The Today Show – Mapping Your Ancestors

I am so pleased that we had the opportunity to discuss some of the resources for tracking our families military service. The web now allows us to point and click, type and search our way through thousands of records. A lot of people are becoming interested in their ancestry, especially the roles their loved ones have played in conflicts around the world.

With ANZAC Day just around the corner, we thought it an opportune moment to give viewers, and readers of my blog, a head’s up on war memorial websites that have inf about their grandparents and great-grandparents.

First up is the Mapping Our Anzacs site that comes via the national archive. This award-winning portal can be found at www.mappingouranzacs.naa.gov.au. And it is a mine of information. It has more than 375,000 records of diggers who fought in WWI. You can locate a serviceman and add information and photographs. Already up on the site (in most cases) is the actual sign up form in the person’s handwriting. You can even use the Cooliris program, which enables a dynamic 3D viewing experience.

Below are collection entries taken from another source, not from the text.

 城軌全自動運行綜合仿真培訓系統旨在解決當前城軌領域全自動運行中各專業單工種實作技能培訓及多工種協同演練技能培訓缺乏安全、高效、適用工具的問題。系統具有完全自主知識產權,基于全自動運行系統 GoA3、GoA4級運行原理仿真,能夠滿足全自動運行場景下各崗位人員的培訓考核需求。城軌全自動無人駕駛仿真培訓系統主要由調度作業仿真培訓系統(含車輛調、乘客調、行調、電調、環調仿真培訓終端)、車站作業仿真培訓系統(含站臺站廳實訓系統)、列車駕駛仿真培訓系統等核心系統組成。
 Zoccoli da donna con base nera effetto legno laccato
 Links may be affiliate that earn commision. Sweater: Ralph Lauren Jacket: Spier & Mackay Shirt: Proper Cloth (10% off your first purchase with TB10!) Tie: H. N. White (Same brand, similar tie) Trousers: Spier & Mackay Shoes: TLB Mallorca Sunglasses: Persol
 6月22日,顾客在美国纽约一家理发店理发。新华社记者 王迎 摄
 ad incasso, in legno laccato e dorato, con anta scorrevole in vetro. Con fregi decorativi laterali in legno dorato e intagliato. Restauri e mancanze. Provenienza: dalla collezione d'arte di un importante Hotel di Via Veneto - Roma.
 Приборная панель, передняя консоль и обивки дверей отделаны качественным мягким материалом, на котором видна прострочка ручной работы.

Already more than 40,000 people have visited the site since it went live in November 2008, while people from 109 countries have been browsing online.
There is a map that shows where enlisted people were born, and how many people came from that particular town – including those who were born overseas.

For families of WWII veterans there is the nominal roll, www.ww2roll.gov.au,which while not as comprehensive as Mapping Our Anzacs, does hold a wealth of information.As well as basic references other items of interest can be found including reasons for a deferment, and whether the person was a casualty of the war.

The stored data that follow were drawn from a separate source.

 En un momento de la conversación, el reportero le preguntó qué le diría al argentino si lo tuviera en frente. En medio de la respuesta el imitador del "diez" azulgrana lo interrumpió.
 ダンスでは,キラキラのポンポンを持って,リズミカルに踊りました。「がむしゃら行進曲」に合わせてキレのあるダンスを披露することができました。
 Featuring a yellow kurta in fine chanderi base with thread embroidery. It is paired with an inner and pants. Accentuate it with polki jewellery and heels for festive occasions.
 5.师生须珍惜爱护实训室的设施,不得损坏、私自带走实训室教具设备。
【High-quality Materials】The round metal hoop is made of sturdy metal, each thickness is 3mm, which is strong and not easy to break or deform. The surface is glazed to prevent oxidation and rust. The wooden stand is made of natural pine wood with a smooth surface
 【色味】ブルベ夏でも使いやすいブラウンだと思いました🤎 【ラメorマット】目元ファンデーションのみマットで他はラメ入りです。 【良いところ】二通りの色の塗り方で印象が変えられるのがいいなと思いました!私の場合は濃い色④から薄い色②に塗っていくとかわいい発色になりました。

You can also put in a request that allows you to garner more information on a relative who served.

In a similar vein is the Korean War Roll, www.koreanroll.gov.au, which not only has information on those who served in Korea during the actual war itself (1950-53), but on those that stayed on after up until 1956.
Unlike some of these rolls, it does not include Aussie servicemen who served in other countries’ armed forces. It is user friendly in that it gives you several ways to search for a relative by a partial surname, or you can specify if they were a POW.

Finally, up until the end of this month, www.ancestry.com.au is having an ANZAC promo where you can look up information about your relatives for free.
More than 16 million names are available from nine military collections from Australia, Great Britain, the US and Canada.

Reference material includes the newly released British Commonwealth War Graves Registers (1914-1918). Other collections include the ANZAC Memorial, a book comprising a roll of honour of almost 20,000 Australians and New Zealanders who died in WWI.